Summary
This review, published in Nature Reviews Clinical Oncology, examines programmed death-ligand 1 (PD-L1) as a biomarker of response to immune-checkpoint inhibitors in cancer patients. The authors, a multi-institutional consortium, appear to consolidate evidence on PD-L1's utility in predicting ICI efficacy, discussing its role as a companion diagnostic across solid tumour types. The review likely addresses methodological considerations, clinical evidence, and limitations of PD-L1 as a single-agent predictor of immunotherapy response.
UK applicability
This oncology biomarker review is directly applicable to UK clinical practice, as PD-L1 testing informs treatment decisions within the NHS for eligible cancer patients.

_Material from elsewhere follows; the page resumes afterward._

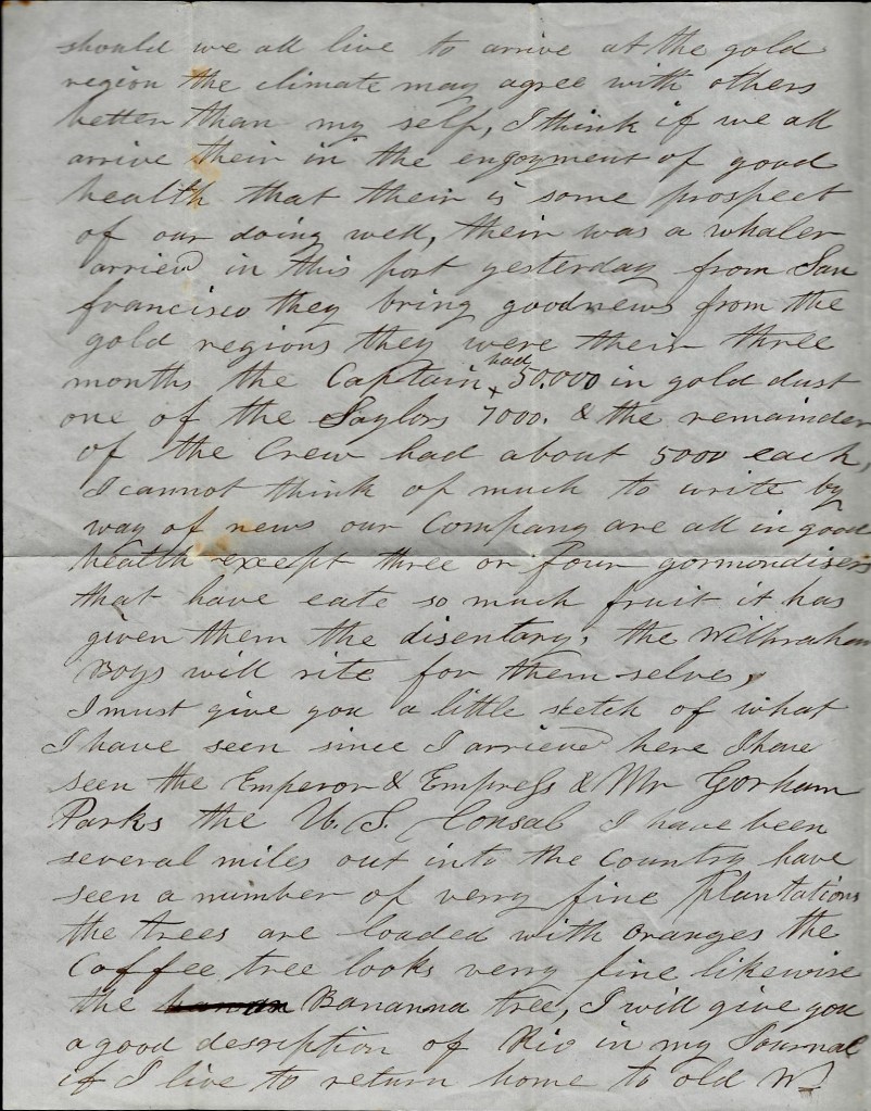 I must give you a little sketch of what I have seen since I arrived here. I have seen the Emperor & Empress & Mr. Gorham Parks, the U. S. Consul. I have been several miles out into the country, have seen a number of very fine plantations. The trees are loaded with oranges. The coffee tree looks very fine; likewise the banana trees. I will give you a good description of Rio in my Journal if I live to return home to old Wilbraham. Likewise of the natives & slaves. The poor slaves have a hard time of it. They are compelled to carry heavy burdens on their heads. They will take a barrel of flour & a large bag of coffee & run through the streets. I suppose there are more than a thousand persons in this harbor bound for the gold regions, but enough of this.

The findings would support evidence-based stratification of immunotherapy access and tumour board decision-making in UK cancer centres.
Key measures
PD-L1 expression levels (percentage and intensity of staining), response rates to ICIs, progression-free survival, overall survival, biomarker performance across cancer histologies
Outcomes reported
The study examined PD-L1 expression as a biomarker to predict patient response to immune-checkpoint inhibitor (ICI) therapies across multiple cancer types. The work appears to synthesise evidence on PD-L1's prognostic and predictive value in clinical oncology practice.